While traders remained cautious of Japanese authorities intervening, the yen weakened and surpassed the 145 per dollar mark on Friday. In the broader context, the dollar also demonstrated strength as market participants anticipated U.S. inflation data.
As indicated by Thursday’s data, the robust U.S. economy implies that the Federal Reserve has room to increase interest rates if inflation necessitates such action. U.S. benchmark 10-year yields climbed by 14 basis points on Thursday, marking the most substantial increase since late March.
In line with the developments, foreign exchange (FX) markets mirrored the trend, witnessing a 0.35 percent increase in the dollar index on Thursday. The U.S. currency gained ground against the euro, causing the latter to decline by 0.45 percent.
As Friday’s early European trading commenced, market conditions remained stable. The euro remained unchanged at $1.0857. It hovered near a one-week low, while sterling experienced minimal fluctuations at $1.2617, slightly above the previous day’s two-week low.
“One of the big themes over the past few weeks has been the positive surprises in U.S. data, and underwhelming data in the rest of the world, which is maybe bending markets back to the Fed’s messaging that we could see a second hike in Q4.”
Simon Harvey, Monex Europe head of FX analysis
Simon Harvey, head of FX analysis at Monex Europe, highlighted a significant trend seen in recent weeks. It involves positive surprises in U.S. data and lackluster data from other parts of the world.
This contrast in data could impact market sentiment and align with the communication from the Fed. It suggests the possibility of a second interest rate hike in the fourth quarter.
Markets have almost factored in an extra 25 basis point increase in interest rates by the Federal Reserve in July. However, the projections of Fed policymakers, which were made public earlier this month, showed the likelihood of another rate hike in addition to the one in July before the year concludes.
According to Harvey, although retrospective, the recent revision in the U.S. first-quarter GDP data raises a pertinent question for the markets regarding consumer resilience. The upcoming Personal Consumption Expenditures data are expected to provide insights into this matter.
The dollar’s strength pushed it to reach its highest level in seven months against the yen in Friday’s Asian trading session. This level is significant as it is the point at which Japanese authorities intervened last year to support their currency.
Although the dollar experienced gains against the yen, it could not sustain them. As a result, the dollar’s value remained unchanged for the day and was flat at 144.88 yen.
Japan cautions against currency depreciation
On Friday, Japan’s Finance Minister, Shunichi Suzuki, warned against an excessive yen devaluation. This warning follows a series of similar comments from government ministers and officials.
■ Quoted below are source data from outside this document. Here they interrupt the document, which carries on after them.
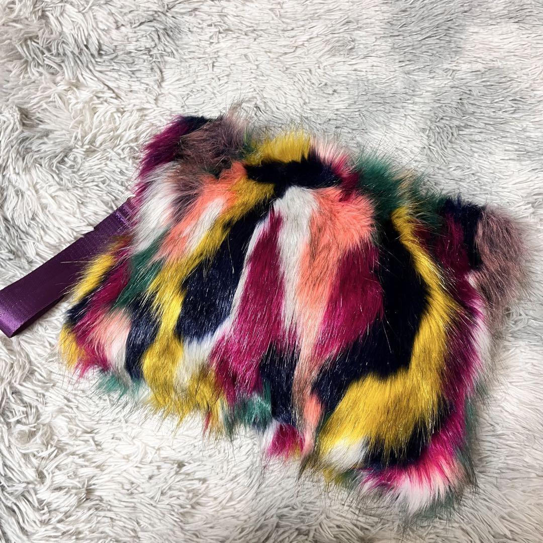 マルチカラー フェイクファー クラッチバッグ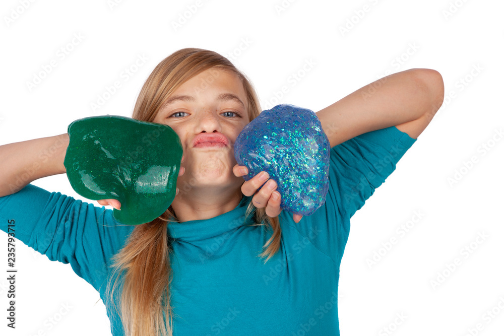 Funny girl posing with blue and green slime. Studio shot isolated on white background.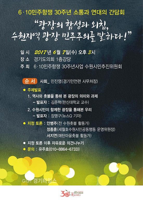 이번 간담회는 6.10민주항쟁 30주년사업 수원시민추진위원회가 주최한다. 주제는 “광장의 함성과 외침, 수원지역 광장 민주주의를 말하다!”이다.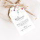 Dessa klassiska färgstarka märkre för vild blommigt bröllop är perfekter för ett rustiskt bröllop. Utformningen har en gult, lila, vita blommor med vild i ro och grönt med vattenfärg. Dessa märkre är perfekt för hotellgästväskor och destinationsbröllop.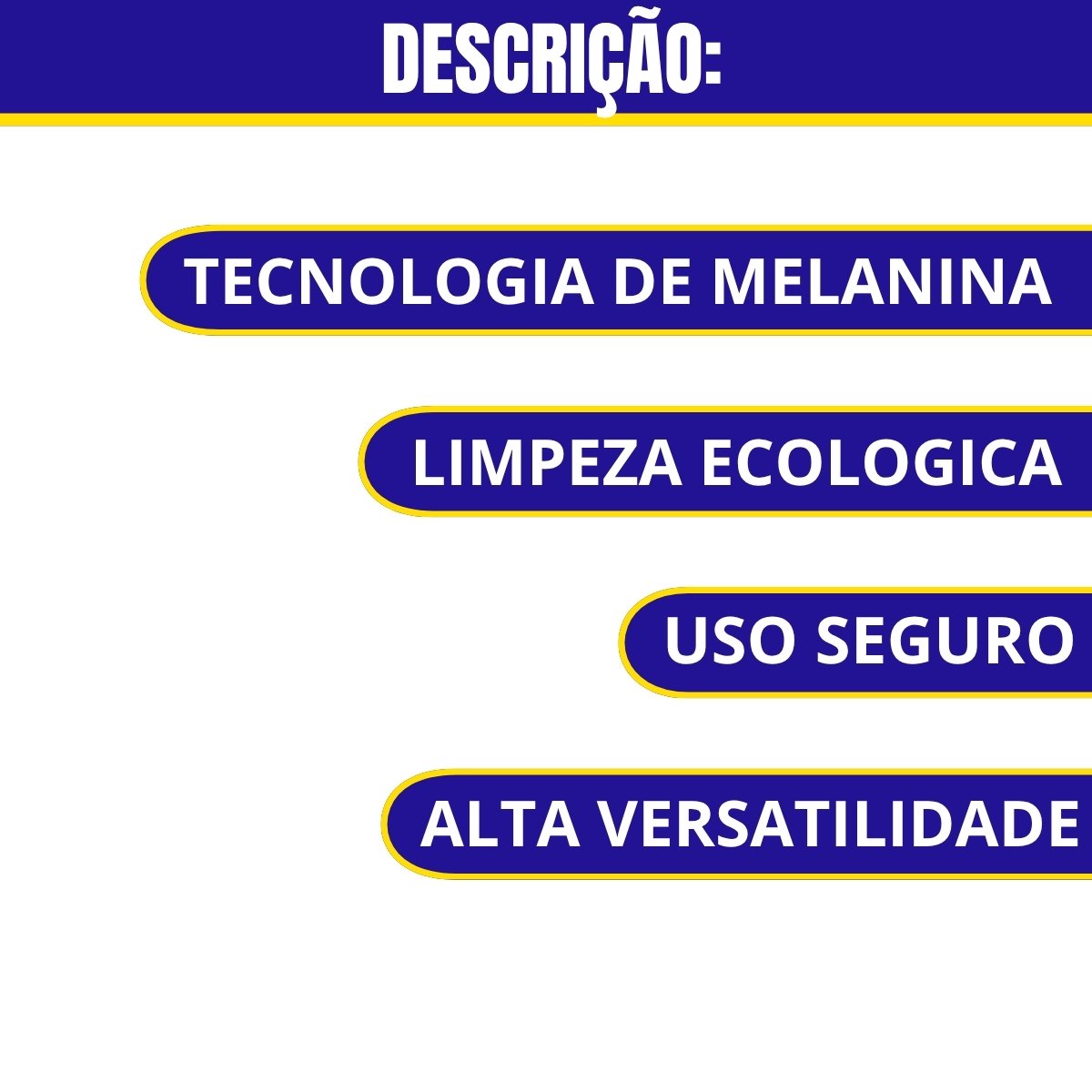 INDICAÇÃO: Remoção de manchas e limpeza leve. Limpa e tira manchas facilmente e sem utilizar produtos químicos. Ideal para todos os tipos de superfícies como paredes, plástico, madeira, fórmica, inox, vinil, couro, tomadas e interruptores, vidro, rejuntes e azulejos, pois remove riscos de giz, marca de mãos, manchas de copos sobre móveis, sujeiras de tênis, marcas de utensílios de inox, bolor e musgos de vidros, entre outros.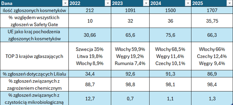 W poniższej tabeli pokazuję kilka parametrów na przestrzeni ostatnich 4 lat. Liczba zgłaszanych kosmetyków rośnie rok do roku i jest to od 3 lat najbardziej liczna kategoria zgłoszeń w Safety Gate. Większość zgłaszanych produktów pochodzi z krajów Unii Europejskiej, a najwięcej alertów do systemu wprowadzają Włosi, Czesi i Węgrzy. W ostatnich latach Lilial stanowił powód ok. 90% zgłoszeń dla kosmetyków, a ok. 98% zgłoszeń kosmetyków związanych jest z zagrożeniem chemicznym (obecnością składników zakazanych lub o ograniczonym stosowaniu).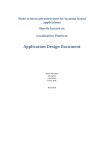 Multi-criteria infrastructure for location-based applications Shortly known as: Localization Platform Application Design Document Ronen Abraham Ido Cohen Yuval Efrati Tomer Sole' April 2010 Table Of Contents 1. Use Cases………………………………………………………………………………………………………4 1.1. The Actors……………………………………………………………………………………………………..4 1.2. Use-Cases………………………………………………………………………………………………………5 2. Data Model…………………………………………………………………………………………………10 2.1. Android API…………………………………………………………………………………………………10 2.1.1. Description of Data Objects…………………………………………………………………………10 2.1.2. Data Objects Relationships………………………………………………………………………….11 2.2. Storage Server……………………………………………………………………………………….……12 2.2.1. Description of Data Objects…………………………………………………………………………12 2.2.2. Data Objects Relationships………………………………………………………………………….11 2.3. Prediction Server (a registered service) ………………………………………………………13 2.3.1. Description of Data Objects…………………………………………………………………………13 2.3.2. Data Objects Relationships……………………………………………………………………….…14 2.4. Databases……………………………………………………………………………………………………15 2.4.1. Storage Server…………………………………………………………………………………………….15 2.4.1.1. ERD Diagram………………………………………………………………………………………………15 2.4.1.2. Main Tables……………………………………………………………………………………………..…15 2.4.1.3. Main Transactions………………………………………………………………………………………16 2.4.2. Prediction Server…………………………………………………………………………………………18 2.4.2.1. ERD Diagram………………………………………………………………………………………………18 2.4.2.2. Main Tables………………………………………………………………………………………………..18 2.4.2.3. Main Transactions………………………………………………………………………………………19 3. Behavioral Analysis……………………………………………………………………………………..20 3.1 Sequence Diagrams……………………………………………………………………………………..20 3.1.1 Storage server – add location………………………………………………………………………21 3.1.2 Storage server – get user's last locations…………………………………………………….22 3.1.3 Storage server – Register user……………………………………………………………………..23 3.1.4 Storage server – Unregister user…………………………………………………………………24 3.1.5 Prediction server – add user's location………………..………………………………………25 3.1.6 Prediction server – predict location………………………………….…………………………26 3.2 Events………………………………………………………………………………….………………………28 3.3 States……………………………………………………………………………………….…………………29 3.3.1 Localization server state chart………………………………………………………………….…29 3.3.2 Prediction server state chart ….…………………………………………………………………..30 3.3.3. Localization Client Android state chart………………………………………………………..30 4. Object-Oriented Analysis…………………………………………………………………………….32 4.1. Android API…………………………………………………………………………………………………32 4.1.1. Class Diagrams……………………………………………………………………………………….…...32 4.1.2. Class Descriptions………………………………………………………………………………………..32 4.2. Storage Server…………………………………………………………………………………………….36 4.2.1. Class Diagrams…………………………………………………………………………………………….36 4.2.2. Class Descriptions………………………………………………………………………………………..39 4.3. Prediction Server…………………………………………………………………………………………41 4.3.1. Class Diagrams…………………………………………………………………………………………….41 4.3.2. Class Descriptions………………………………………………………………………………………..43 4.4. Packages……………………………………………………………………………………………………..45 4.4.1. 4.4.2.

In September last year, the yen exceeded the 145 mark. It prompted authorities to intervene in the markets. This intervention marked the first occurrence of such action in 24 years.
“It is important for currencies to move stably reflecting fundamentals,” Suzuki said.
However, Suzuki did not express deep concern or announce any specific measures, unlike the last time authorities intervened in the currency market, where such language was used as a precursor.
Harvey said that the actions implemented in the latter part of the previous year are proving effective. Market participants are currently evaluating the dollar/yen exchange rate. They are raising doubts about the logic of pursuing additional gains, especially considering the potential overnight risk of experiencing a substantial four percent loss in their positions.
The data released on Friday revealed that core inflation in Tokyo showed improvement in June, exceeding the Bank of Japan’s two percent target for the 13th consecutive month.